14. Data flow: a worked example

A landlord uploads a corrected heating system for UPRN 12345 via the UI.

  1. UIPOST /properties/12345/overrides → writes to landlord_overrides table via LandlordOverridesRepo.
  2. RefreshOrchestrator invoked (either automatically on override-write, or by a "re-model" button). Notes: ingestion is not triggered because no external state changed.
  3. ModellingPipeline invoked on a batch of [12345]:
    • Reads Property(uprn=12345) from PropertyRepo.
    • Property.effective_epc = epc + landlord_overrides → heating system fields differ from baseline.
    • RebaseliningService triggered: ML re-predicts SAP / carbon / heat against the new effective EPC.
    • EpcEnergyDerivationService re-runs over the new effective EPC to derive baseline kWh + fuel split + bills (no ML).
    • RecommendationService regenerates recommendations against the new baseline.
    • OptimiserService re-picks optimal package.
    • ResultsPersister writes new plan under one UoW (old plan is superseded; whether to soft-archive is a sub-PRD (iii) decision).

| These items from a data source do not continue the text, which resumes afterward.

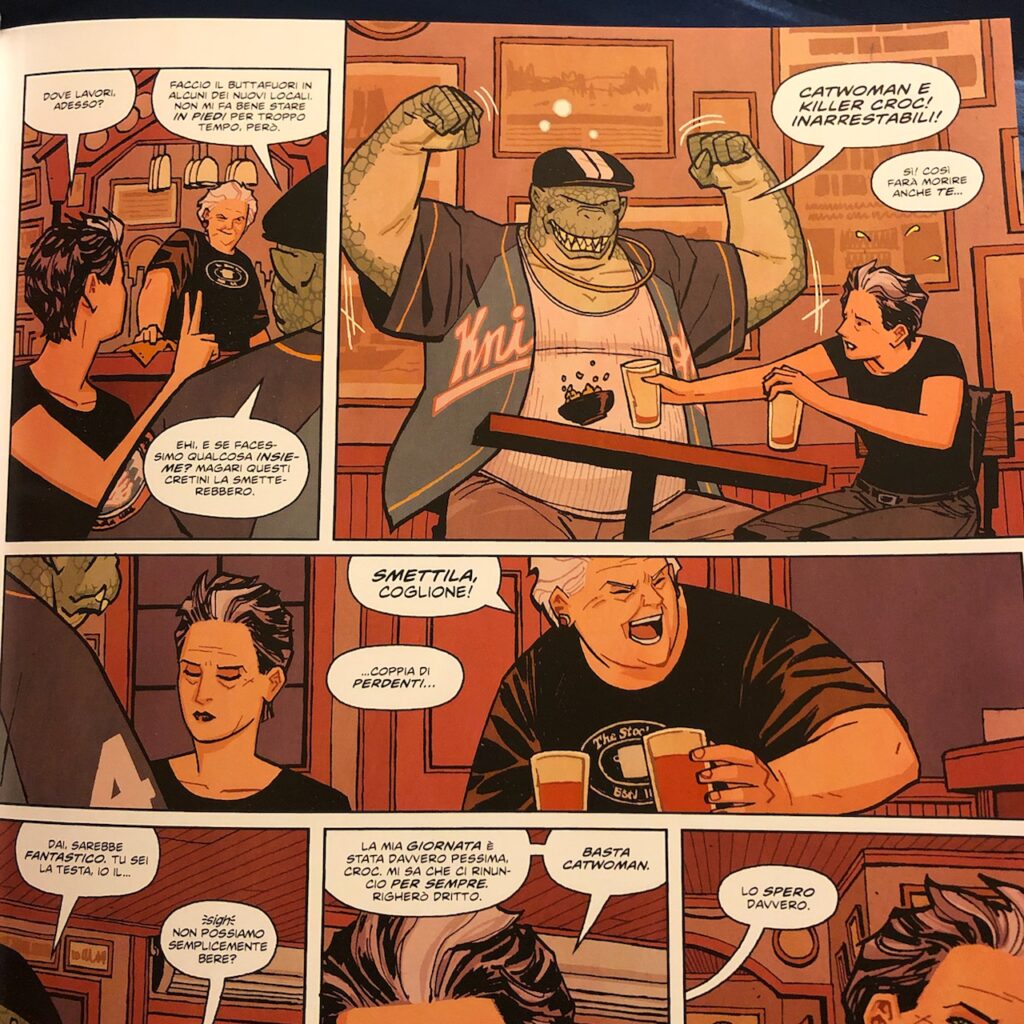 Senza svelarvi troppo, tra questi ci sono anche Barbara Gordon e un fantastico Killer Croc. L’ex Batgirl ha visto morire suo padre e ha abbandonato per sempre la carriera da supereroina, buttandosi in politica. Di lì a poco si prospettano, infatti, delle elezioni infuocate tra la sua fazione e quella del sindaco Harvey Dent. Dal canto suo, Croc ha ormai perso del tutto la grinta e la ferocia di un tempo e passa le sue giornate a lavorare come buttafuori e a bere in un bar.
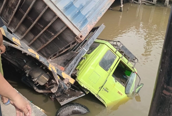 “Kejadian kecelakaan di Sungai Jawi,” terdengar suara seseorang dalam video yang merekam kondisi truk usai kejadian.
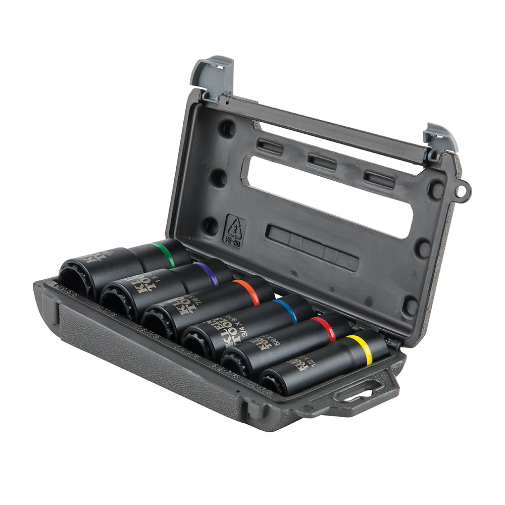 This 6-piece set includes 6 sockets with 12 sizes in total, specifically: 1-1/8 x 15/16-Inch, 1 x 13/16-Inch, 7/8 x 11/16-Inch, 3/4 x 9/16-Inch, 5/8 x 7/16-Inch, and 1/2 x 3/8-Inch. These sockets are designed for use with impact wrenches, such as Klein's 1/2-Inch Compact Impact Wrench (Cat. Nos. BAT20-CW/BAT20-CW1), and feature a high-torque, 12-point design for easier positioning on fasteners. The sockets also have a deep socket with a 1/2-Inch drive, making them ideal for pole hardware installation and removal. Additionally, they have a cross hole design to maintain a strong connection to the adapter or impact wrench. The sockets are

Total external calls: zero. The override write is the only thing that hit a network boundary, and that was the inbound HTTP from the UI.

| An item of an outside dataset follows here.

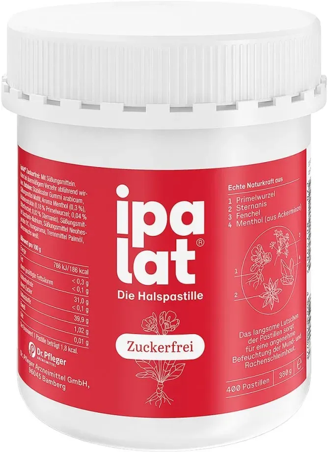 EAN: 4028305000705 - ipalat Zuckerfrei Echte Naturkraft mit Primelwurzel ipalat Zuckerfrei verbindet die wohltuende echte Naturkraft der Primelwurzel mit dem angenehmen Geschmack aus der einzigartigen Zubereitung mit Anis und Fenchel. Beim Lutschen der Pastille bildet sich ein wohltuender Film im Rachen. ipalat Zuckerfrei ist Balsam für den Hals. Bewährt bei Reizungen von Stimme, Hals & Rachen Die ipalat Zuckerfrei Halspastille ist bewährt bei rauem Hals und Halskratzen, strapazierter Stimme sowie bei Heiserkeit und Hustenreiz. Das enthaltene Menthol sorgt für frisches und befreites Atmen. ipalat Zuckerfrei bei rauem Hals und Halskratzen bei strapazierter Stimme bei Heiserkeit und Hustenreiz bei trockenem Mund nach Nikotin- und Alkoholkonsum für die Stimmpflege für freies Durchatmen bei schlechtem Atem ipalat Zuckerfrei auf einen Blick: mit Menthol, ohne Zucker mit pflanzlichen Extrakten aus Primelwurzel, Anis und Fenchel bewährt bei Heiserkeit, Hustenreiz und Mundtrockenheit für frischen Atem sanft & gut verträglich die zahnfreundliche ipalat -Variante Häufige Fragen & Antworten Enthalten ipalat Zuckerfrei Halspastillen Laktose? ipalat Zuckerfrei Halspastillen sind laktosefrei und somit für Menschen mit einer Milchzucker-Unverträglichkeit geeignet. Enthalten ipalat Zuckerfrei Halspastillen Gluten? ipalat Zuckerfrei Halspastillen sind glutenfrei und somit für Menschen mit einer Gluten-Sensitivität oder Zöliakie geeignet. Sind ipalat Zuckerfrei Halspastillen für Allergiker ... Dieses Angebot für 5,28 Euro für 40 Stück ist eine gute Wahl für den regelmäßigen Gebrauch. ![]() ![]() Dr. Pfleger Arzneimittel Ipalat Halspastillen Zuckerfrei

15. Open questions for team review

  1. One API vs two (§4.5) — clean interfaces allow either; pick at implementation.
  2. LandlordOverrides shape (§6.2) — flat-Excel-shape for v1, with a flag to revisit after first customer.
  3. already_installed and non_invasive_recommendations (§6.5) — both likely subsumed by overlay, but final call deferred.
  4. Recency tie-break policy (§6.3) — default "newer wins"; team to consider per-portfolio override.
  5. GenericDataRepo storage backend — Postgres table, S3, or DynamoDB. Postgres is the path of least infra change; recommend defaulting to that.
  6. Soft-archive vs hard-overwrite for superseded plans (§14) — affects audit / undo behaviour. Defer to sub-PRD (iii).
  7. Building-level optimisation as a Phase 2 service (§10) — agreed deferred; flag for roadmap discussion.
  8. Transform versioning policy (§8.3) — semver chosen; team to confirm bump conventions.
  9. UCL EPC-correction model (§9.2 S4a) — need the reference paper, the implementation we've used before, and a decision on whether to port directly or re-implement against the new EPC schema.
  10. Fuel-price source for bill calculation (§9.2 S4a) — Ofgem caps? Time-varying? Per-portfolio override? Decide alongside EpcEnergyDerivationService design.
  11. kWh handling under Rebaselining (§9.4 step 5) — confirmed: ML re-predicts SAP/carbon/heat only; EpcEnergyDerivationService re-runs for kWh. Validate that this is sufficient when overrides change heating fuel type (which would shift the fuel deduction).

16. Linked sub-PRDs (placeholders)

  • Sub-PRD (ii) — ML training pipelinedocs/sub-prds/ml-training-pipeline.md (TBC)
  • Sub-PRD (iii) — DB schema migrationdocs/sub-prds/db-schema-migration.md (TBC)
  • Sub-PRD (iv) — Historical EPC re-mappingdocs/sub-prds/historical-epc-remap.md (TBC)

Each sub-PRD owner: TBC. Each is independently reviewable but consumes the contracts defined in §5 (Property aggregate), §7 (repos), §8 (ML transform).


17. Next steps

  1. Team review of this PRD (target: ~1 week).
  2. Open follow-up grill sessions per service (/grill-me on each of S1S8 + F1F4) before that service is implemented.
  3. Break into issues via /to-issues against the project tracker.
  4. Stand up the empty ara/ package skeleton + fakes + first integration-test scaffold as PR-1.
  5. Land services in dependency order: domain → repos → fetchers → services → orchestrators → API.

Phase 1 milestone gate: first portfolio (Calico or Hyde) routed through the new pipeline end-to-end in June, with a manual spot-check on 5 representative properties to confirm outputs are reasonable. No parity-against-old-engine check — the old engine is dead by then.